BEGIN SOURCE RECORDS

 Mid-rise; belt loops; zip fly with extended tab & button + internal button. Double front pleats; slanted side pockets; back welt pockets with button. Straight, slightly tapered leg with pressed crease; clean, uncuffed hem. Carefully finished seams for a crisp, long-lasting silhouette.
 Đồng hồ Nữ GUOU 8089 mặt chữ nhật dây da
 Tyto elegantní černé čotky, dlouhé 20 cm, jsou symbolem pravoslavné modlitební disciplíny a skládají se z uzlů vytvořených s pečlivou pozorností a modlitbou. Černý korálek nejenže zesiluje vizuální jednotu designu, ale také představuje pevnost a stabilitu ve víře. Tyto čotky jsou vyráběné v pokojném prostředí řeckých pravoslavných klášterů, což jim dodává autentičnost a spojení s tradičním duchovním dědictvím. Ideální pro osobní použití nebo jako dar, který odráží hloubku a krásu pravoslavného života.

END SOURCE RECORDS
BEGIN SOURCE RECORDS

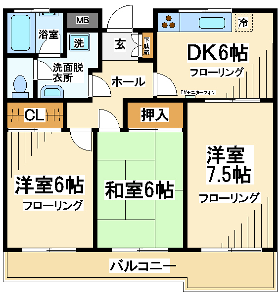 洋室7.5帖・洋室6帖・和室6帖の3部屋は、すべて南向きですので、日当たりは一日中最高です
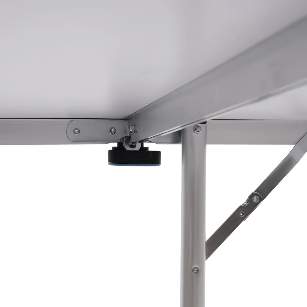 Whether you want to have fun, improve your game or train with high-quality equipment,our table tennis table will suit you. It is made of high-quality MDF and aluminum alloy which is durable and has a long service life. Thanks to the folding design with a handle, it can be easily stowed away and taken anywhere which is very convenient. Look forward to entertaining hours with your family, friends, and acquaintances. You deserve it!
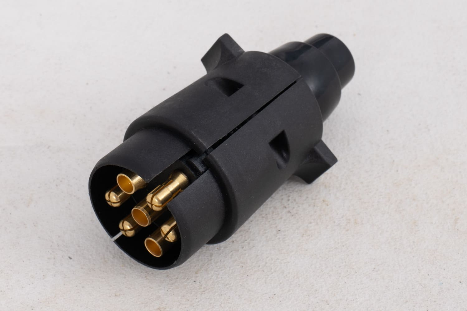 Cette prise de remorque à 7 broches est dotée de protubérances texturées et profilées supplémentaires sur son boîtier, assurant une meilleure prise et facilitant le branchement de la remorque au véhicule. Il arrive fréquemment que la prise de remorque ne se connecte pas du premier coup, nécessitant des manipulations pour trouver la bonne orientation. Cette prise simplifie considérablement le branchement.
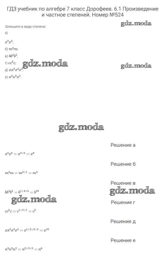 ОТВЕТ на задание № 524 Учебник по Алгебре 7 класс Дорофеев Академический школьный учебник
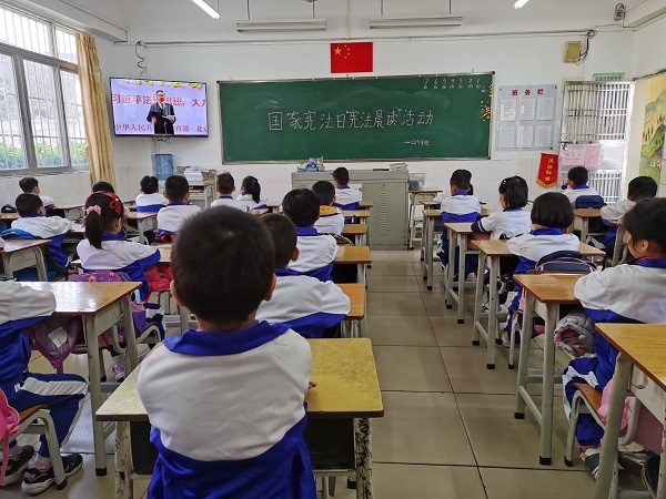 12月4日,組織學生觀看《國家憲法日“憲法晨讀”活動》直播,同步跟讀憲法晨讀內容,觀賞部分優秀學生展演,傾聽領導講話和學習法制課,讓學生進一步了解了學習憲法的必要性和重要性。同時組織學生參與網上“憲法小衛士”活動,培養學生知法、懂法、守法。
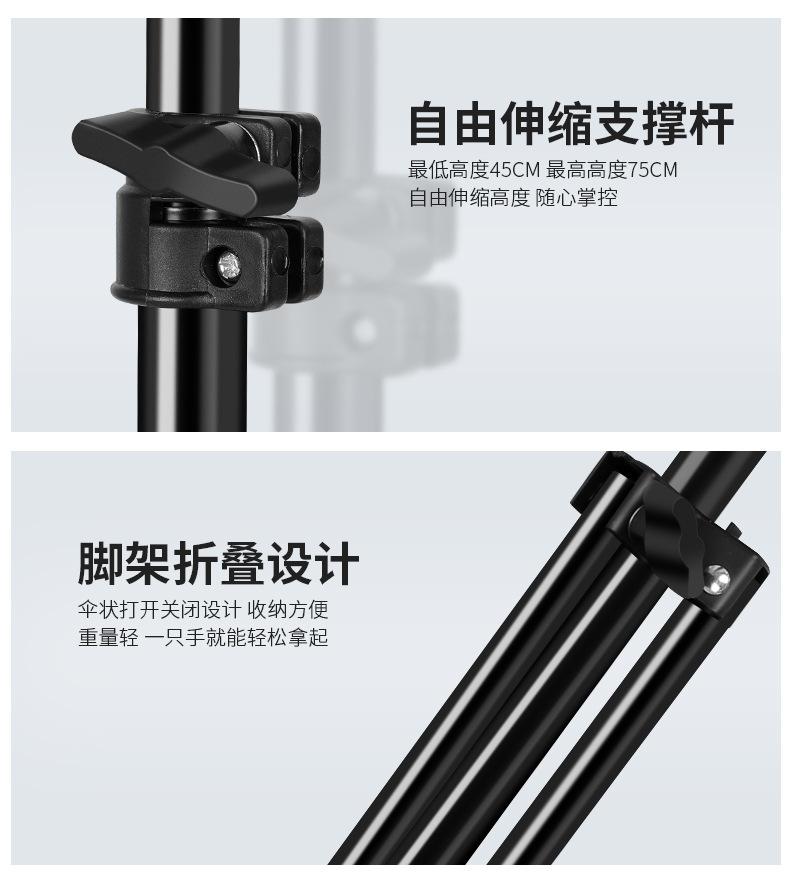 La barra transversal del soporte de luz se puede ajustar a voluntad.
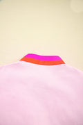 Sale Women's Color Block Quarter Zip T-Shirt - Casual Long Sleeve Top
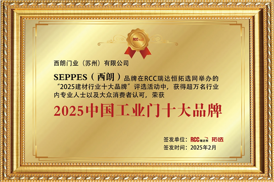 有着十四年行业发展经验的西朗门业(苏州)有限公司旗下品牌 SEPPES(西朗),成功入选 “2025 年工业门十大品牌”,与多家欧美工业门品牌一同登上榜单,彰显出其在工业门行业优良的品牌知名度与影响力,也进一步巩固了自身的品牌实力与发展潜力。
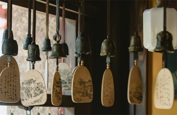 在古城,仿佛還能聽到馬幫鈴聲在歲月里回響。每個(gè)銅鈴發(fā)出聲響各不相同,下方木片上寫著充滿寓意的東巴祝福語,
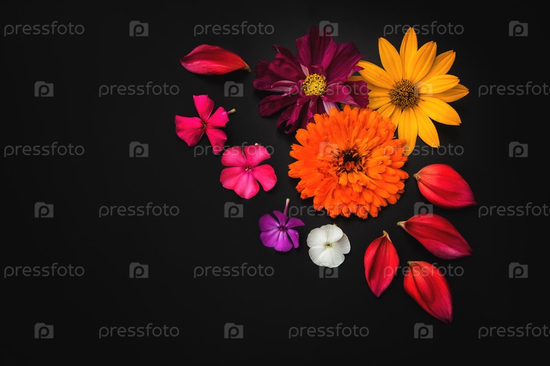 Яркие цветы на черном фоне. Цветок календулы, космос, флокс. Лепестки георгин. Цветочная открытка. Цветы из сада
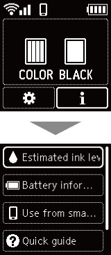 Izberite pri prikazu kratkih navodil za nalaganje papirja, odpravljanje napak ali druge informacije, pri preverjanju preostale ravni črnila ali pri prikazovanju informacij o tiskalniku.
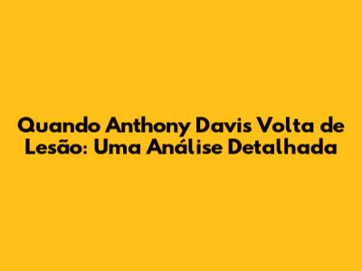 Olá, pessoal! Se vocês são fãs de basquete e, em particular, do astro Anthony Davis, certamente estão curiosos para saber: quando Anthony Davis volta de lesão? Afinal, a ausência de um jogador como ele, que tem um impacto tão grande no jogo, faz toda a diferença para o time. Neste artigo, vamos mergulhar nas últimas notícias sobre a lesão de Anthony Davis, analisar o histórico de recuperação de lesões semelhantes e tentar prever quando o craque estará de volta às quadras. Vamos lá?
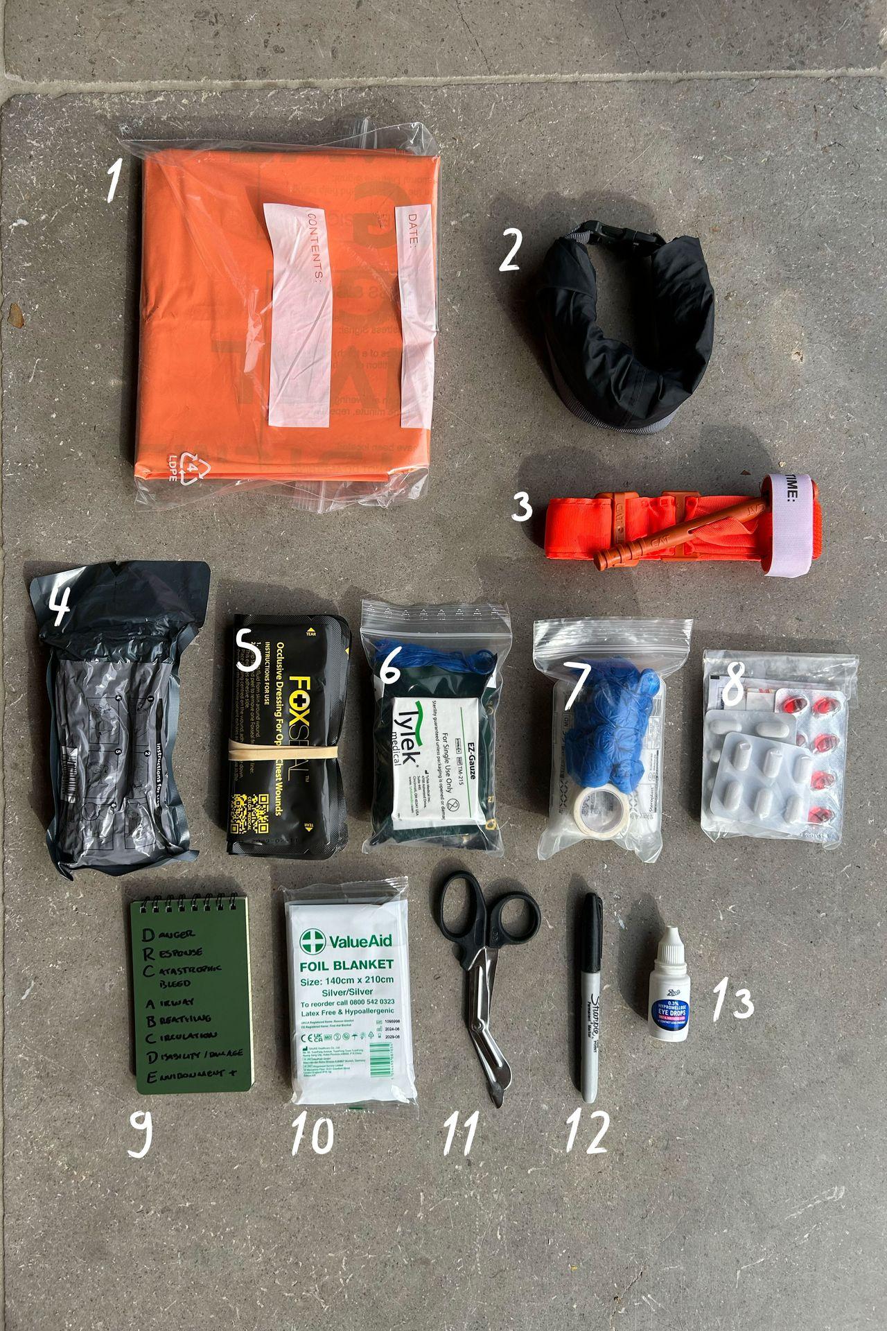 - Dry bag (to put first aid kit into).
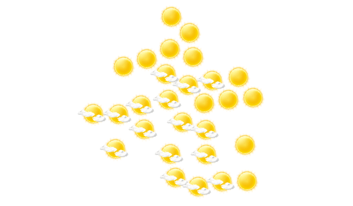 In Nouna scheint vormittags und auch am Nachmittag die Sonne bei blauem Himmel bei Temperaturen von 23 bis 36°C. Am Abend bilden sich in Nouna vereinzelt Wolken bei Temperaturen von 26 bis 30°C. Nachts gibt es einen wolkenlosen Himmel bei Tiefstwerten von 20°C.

END SOURCE RECORDS
BEGIN SOURCE RECORDS

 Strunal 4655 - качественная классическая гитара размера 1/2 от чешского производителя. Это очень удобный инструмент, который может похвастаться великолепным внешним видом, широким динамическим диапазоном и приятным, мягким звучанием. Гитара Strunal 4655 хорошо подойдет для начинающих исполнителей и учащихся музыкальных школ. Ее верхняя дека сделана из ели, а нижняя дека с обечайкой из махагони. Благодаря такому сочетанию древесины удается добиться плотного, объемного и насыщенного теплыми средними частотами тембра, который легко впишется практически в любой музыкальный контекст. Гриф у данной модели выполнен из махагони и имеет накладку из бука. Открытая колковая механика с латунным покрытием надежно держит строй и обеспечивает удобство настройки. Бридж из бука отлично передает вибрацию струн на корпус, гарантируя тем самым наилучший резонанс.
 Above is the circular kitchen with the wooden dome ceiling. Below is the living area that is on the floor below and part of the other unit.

END SOURCE RECORDS

### TASK
Taking the entries above, write out exactly the lines starting with the line containing "Mid-rise; belt loops;" and going on through the line containing "Đồng hồ Nữ GUOU 8089 mặt chữ nhật dây da", both included, and nothing else.

### TASK OUTPUT
 Mid-rise; belt loops; zip fly with extended tab & button + internal button. Double front pleats; slanted side pockets; back welt pockets with button. Straight, slightly tapered leg with pressed crease; clean, uncuffed hem. Carefully finished seams for a crisp, long-lasting silhouette.
 Đồng hồ Nữ GUOU 8089 mặt chữ nhật dây da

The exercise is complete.